Quanto ridículo se enraizou em minha memória e, com um punhadinho de fertilizante,
fiz desabrochar quadrinhas de paixões, roxas, contundentes, rubis..., algumas
murcharam, perderam folhas, cores e até alguns versos. Entanto, mesmo tolhidas,
continuaram entoando notas de amor... formando sonetos multicoloridos.
Os pombos passaram levando mais cartinhas, ridículas como o amor solitário desses
anos todos. Amor de algodão, de cristal, de prata que se transforma em ouro, em
breve, diamante.
Quanto mais sonhos, surpresas, tilintar de taças, vinhos e comida boa, mais reciprocidade,
bilhetinhos, maior respeito às amplas jornadas de trabalho, menos memorandos
e mais epopeias. Longa estrada, quase verdadeiro amor, igualzinho ao das
novelas e da música brega que dizia: "A gente morou e cresceu na mesma rua, como
se fosse o sol e a lua, dividindo o mesmo céu (...) o tempo passou e eu sofri calada...

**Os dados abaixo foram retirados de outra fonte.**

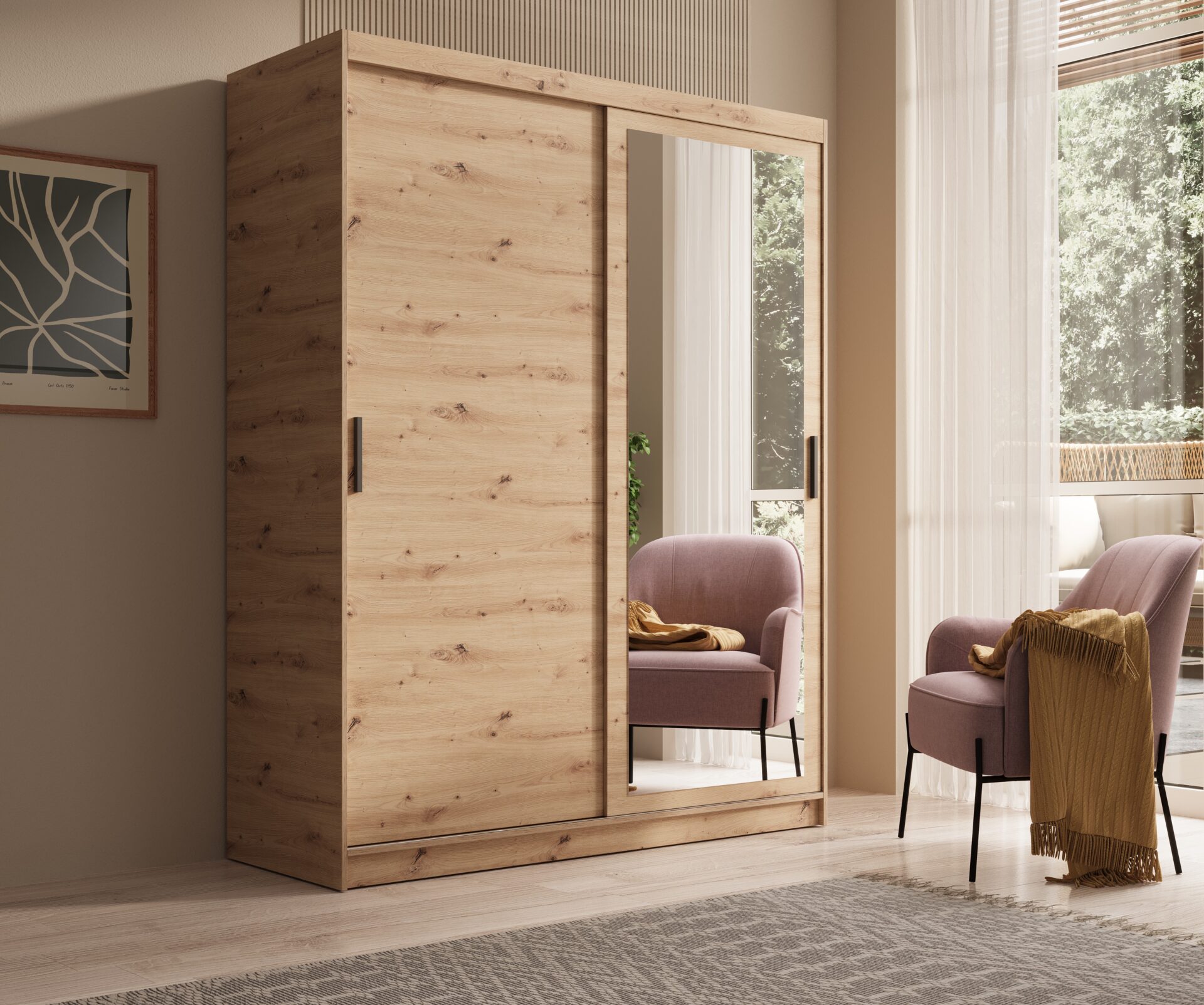 The Hailey sliding wardrobe is the perfect solution for those who value modern design and practical solutions. Its simple form and minimalist look will fit perfectly into any interior, adding elegance and spaciousness. The mirrored doors not only give the wardrobe a stylish character but also visually enlarge the room in which it is located. The Hailey wardrobe is available in four sizes: 100 cm, 120 cm, 160 cm, and 180 cm, allowing for a perfect fit in any space – from a cozy bedroom to a spacious hallway. The wardrobe’s interior is designed with maximum functionality in mind, providing space for hanging clothes and shelves for folded wardrobe items. Invest in a Hailey wardrobe and bring harmony, style, and order to your home.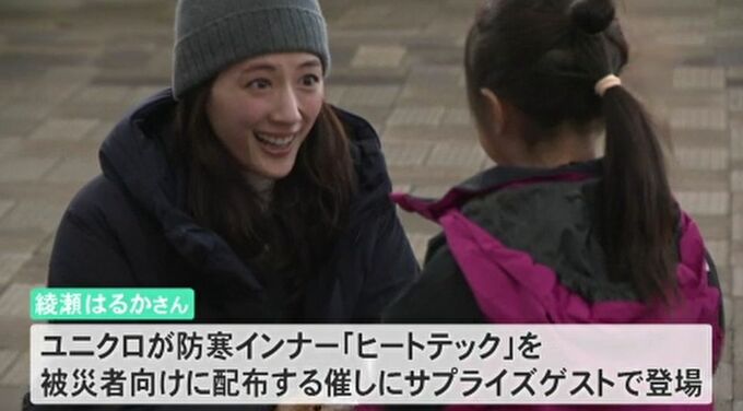 綾瀬さんは衣料ブランドのユニクロが防寒インナー「ヒートテック」を被災者向けに配布する催しにサプライズゲストとして招かれました。綾瀬さんは自ら、訪れた子どもたちにヒートテックを手渡すとともに市民との記念撮影にも笑顔で応じていました。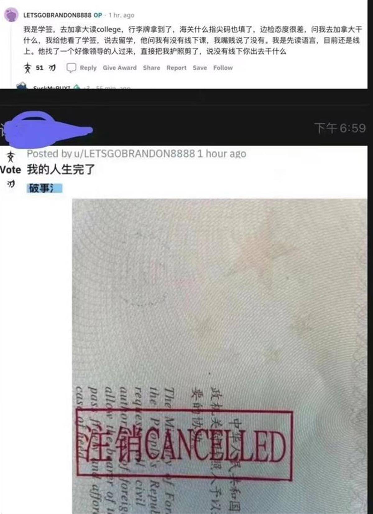 综合中新社、人民网、湖北日报“极目新闻”报道,根据近日网传信息截图,ID为LETSGOBRANDON8888的当事人自述:“我是学签,去加拿大读college,行李牌拿到了,海关什么指尖码也填了。边检态度很差,问我去加拿大干什么,我给他看了学签,说去留学,他问我有没有线下课,我嘴贱说了没有。我是先读语言,目前还是线上。他找了一个好像领导的人过来,直接把我的护照剪了,说没线下你出去干什么?”
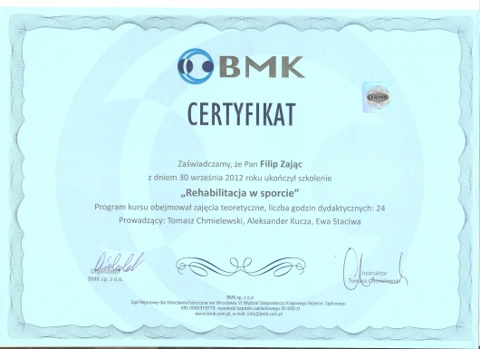 Swoje doświadczenie zdobyłem w wieloletniej pracy ze sportowcami. Współpracuje z klubem siatkarskim Gwardia Wrocław. Nadal doskonale swoje umiejętności na wielu nowoczesnych szkoleniach z fizjoterapii.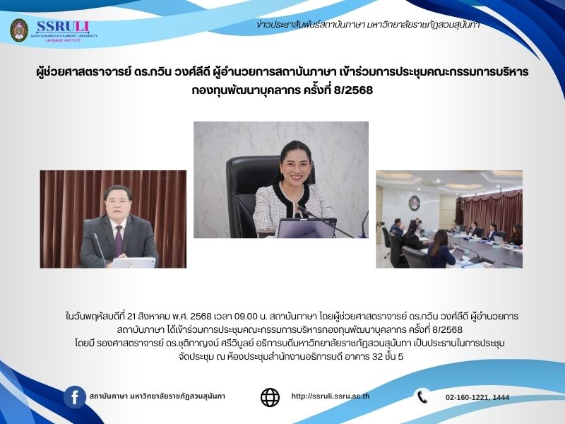 ในวันพฤหัสบดีที่ 21 สิงหาคม พ.ศ. 2568 เวลา 09.00 น. สถาบันภาษา โดยผู้ช่วยศาสตราจารย์ ดร.กวิน วงศ์ลีดี ผู้อำนวยการสถาบันภาษา ได้เข้าร่วมการประชุมคณะกรรมการบริหารกองทุนพัฒนาบุคลากร ครั้งที่ 8/2568 โดยมี รองศาสตราจารย์ ดร.ชุติกาญจน์ ศรีวิบูลย์ อธิการบดีมหาวิทยาลัยราชภัฏสวนสุนันทา เป็นประธานในการประชุม จัดประชุม ณ ห้องประชุมสำนักงานอธิการบดี อาคาร 32 ชั้น 5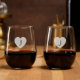 Monogram etched wedding glasses featuring classic hearts. Great party decor. Add your desired monogram to the wedding glass. Use the template to create your own wedding glasses.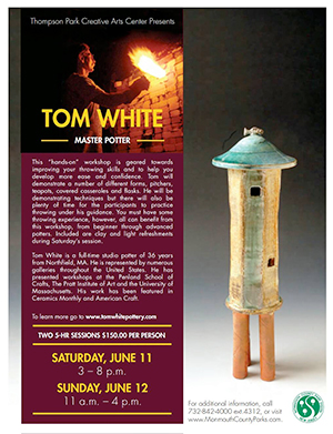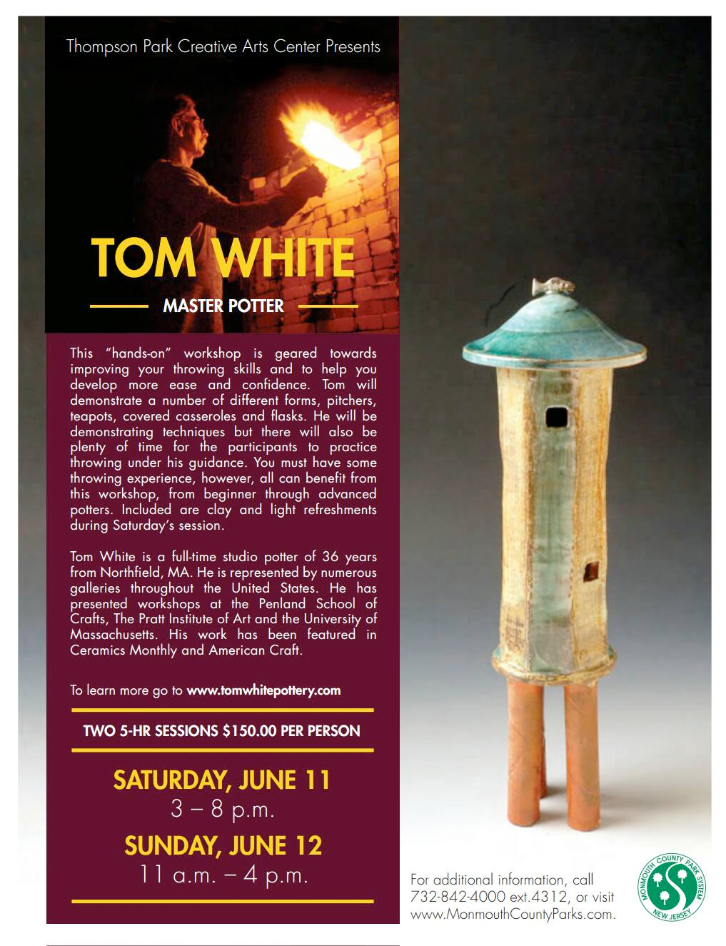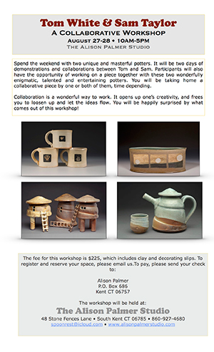 This will be a wonderful 1 day workshop. Tom will demonstrate how he throws and alters his pots including covered ovals, flasks, pour bottles, mugs and his T-pots. You will be to see the entire process of throwing, altering, assembling, lid and spout making, and more. There will be time for questions and answers. Come, be inspired, make new friends, take notes, and enjoy a day spent watching a master at work - $50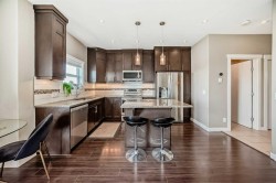 Huge price reduction for quick sale! Welcome to this three-bedroom fully walkout townhouse in Redstone NE, perfectly situated backing onto a serene walking trail and a pond. With a total living area of 1,721.3 square feet, this stunning property boasts 3 spacious bedrooms, 2.5 bathrooms, a single attached garage and a beautifully finished walk out basement.The main floor has a bright and airy living area that seamlessly flows into a kitchen. The kitchen is equipped with quartz countertops, ample storage space, a convenient kitchen island and sleek stainless steel appliances. A half washroom is thoughtfully located on this level. The living area expands onto a spacious balcony, where you can soak in the views of the pond and walking trail.The upper floor is hosting all three bedrooms. The primary bedroom is complete with a large window, patio door and a 4-piece ensuite bathroom. A spacious walk-in closet provides ample storage space. The two additional bedrooms are equally impressive, filled with natural light and boasting spacious closets. A full bathroom on this level serves both rooms. A convenient laundry area is located on this level. The walkout basement is perfect for relaxation and entertainment, featuring an expansive flex room with massive patio doors that lead to a concrete patio overlooking the pond. A bar area is complete with plenty of storage space and a convenient bar fridge. A storage closet is located in the basement. The backyard offers pond view and direct access to the walking trail. A spacious single attached garage at the front of the property provides additional storage space.Located in the desirable Redstone community, you'll enjoy being just a few minutes' drive from CrossIron Mills, with its vast array of shopping, dining and entertainment options. It is located close to Redstone and Skyview's plazas. You have easy access to Stoney trail and Deerfoot trail. Don't miss out on this incredible opportunity! Book a showing today to make this house your dream home. Contact us to schedule a viewing and take the first step towards making this property yours!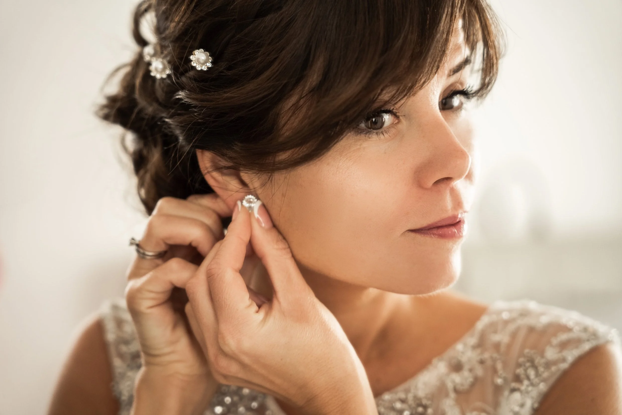 Close-up of a woman’s back as someone buttons up her lace wedding dress, with the woman's curly hair and jewelry visible.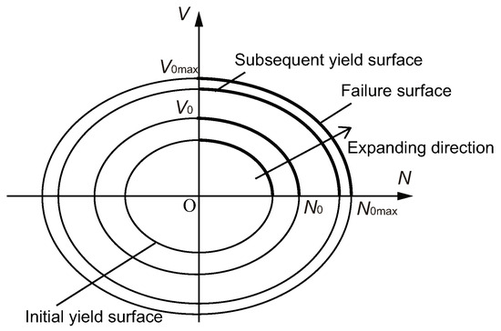 The demarcation between the purely elastic and the combined elastic–plastic states is referred to as the yield surface. Specifically identifying the first transition from an elastic to an elastoplastic state, the defined yield surface can be called the initial yield surface for the stud connection. As the loading process progresses, this initial yield surface undergoes a constant expansion, generating what can then be described as the subsequent yield surface. Bringing this process to conclusion, when the connection attains its point of failure, the yield surface present at that juncture is coined the failure surface. Figure 5 provides a graphic representation of these stages, displaying schematic outlines of the initial yield surface, the subsequent one, and, ultimately, the failure surface. Regarding the shape of the failure surface, established experimental data and data from finite element simulations [42,43,44,45] have collectively affirmed that it approximates to the envelope of a convex arch. On this evidence, we can represent the failure surface through an equation that captures the form of such a convex envelope.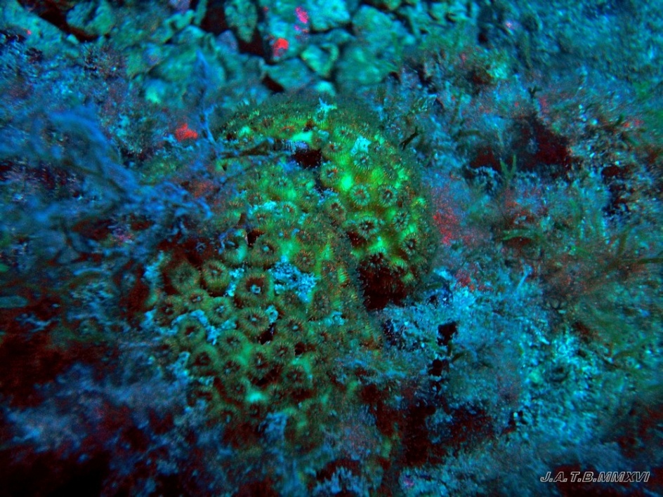 Esta foto esta hecha con filtros especiales para distinguir la luminiscencia de los pólipos de la acropora mediterránea.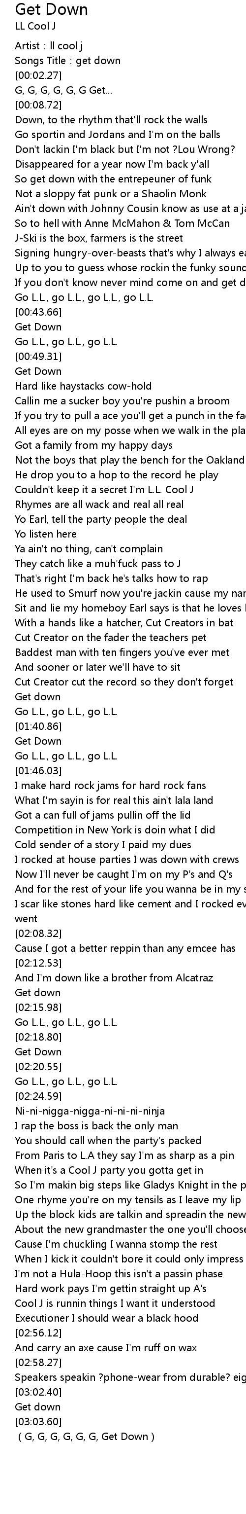 | [01:07.09] | Couldn't keep it a secret I'm L.L. Cool J |
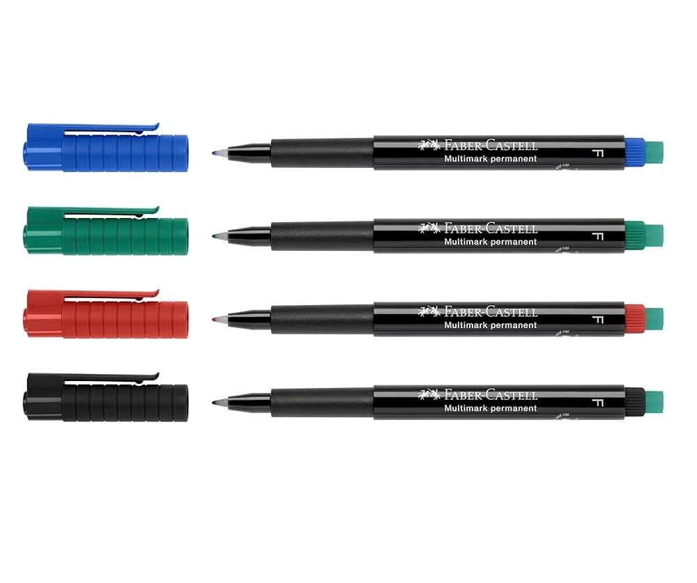 Faber-Castell Multimark Permanent 1513 is a versatile permanent marker suitable for writing and marking on various surfaces. Available in three tip sizes: Super Fine (S), Fine (F), and Medium (M).

num cantinho rabiscado do verso, (...), estou casando, mas o grande amor da minha
vida é você..."
Às vezes, sinto a fria parede erguida entre nossos corações. Ardentemente faço crescer
o meu desejo de apertá-lo em meus braços, de abraçá-lo mais e mais.
Meu Deus! Que pieguice... E mais piegas as lembranças se formam diante dos cabelos
brancos que insistem em mostrar uma velhice que tende a ser tão dócil, irresponsável,
vaidosa...
Ah, o amor, o amor não é só tolo, imbecil e intenso, o amor é mais ridículo, quanto
mais se propõe ao enlace, ao amanhecer abraçadinhos, ao gosto de mel e à fragrância
das rosas e de flores perfumosas.
Ainda me lembro daquelas histórias do amor de Peri por Ceci; de Iracema por Martim;
de Romeu por Julieta; de Otelo por Desdêmona. Meu Deus! Sei que o nosso
amor é assim! Que até seríamos capazes de morrer por ele...
Entre altos e baixos, encontro um bom motivo para lhe escrever mais uma cartinha
de amor... é tão doce praticar esse ridículo, mas poucos são capazes de fazê-lo depois
de 40 e uns anos de convivência e de amor... ainda que por todo esse tempo, a cada
vez que abro os olhos, vejo outro em seu lugar, e sinto mais forte a sua falta. Te amo
nesta vida para estarmos juntinhos na outra.